We found an interesting analysis on Caesars Entertainment, Inc. (CZR) on the No Deep Dives Substack from jefke. Let’s break down the bullish view on CZR.
As of January 13th, CZR was trading at $32.07, with trailing and forward price-to-earnings ratios of 11.30 and 27.40, respectively. Caesars is a big name in the casino and hospitality world. Despite its strong fundamentals, the stock has seen some ups and downs, currently hitting yearly lows.
What makes CZR stand out? It’s expected to see a significant boost in free cash flow starting in 2025. This shift comes from lower capital expenditures and a growing digital segment that’s starting to add more to its earnings. The company plans to buy back shares once it reaches its leverage targets, likely by late 2024. They’ve already made a small buyback after selling a non-core asset, showing they are taking steps to boost shareholder value.

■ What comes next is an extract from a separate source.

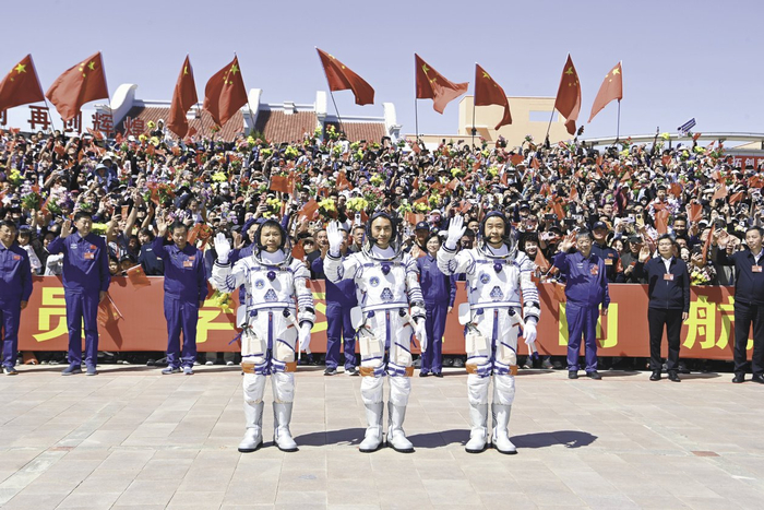 4月24日,神舟二十号载人飞行任务航天员乘组出征仪式在酒泉卫星发射中心问天阁圆梦园广场举行。图为航天员陈冬(右)、陈中瑞(中)、王杰在出征仪式上。 (中新社)

However, the market isn’t fully convinced yet. Despite positive developments, investor sentiment still lags behind the company’s improving situation. The stock’s decline has influenced some investors’ views, leading to more uncertainty. This creates an interesting situation: even as fundamentals improve, the stock price drop seems to weigh on perceptions of value.
Currently, CZR is not among the 30 most popular stocks with hedge funds. By the end of the third quarter, 67 hedge funds held CZR, up from 54 in the previous quarter. While we see potential in CZR, we believe there are AI stocks that might offer better returns in a shorter time. If you’re interested in promising AI investments that trade at attractive earnings multiples, check out our report on the cheapest AI stocks.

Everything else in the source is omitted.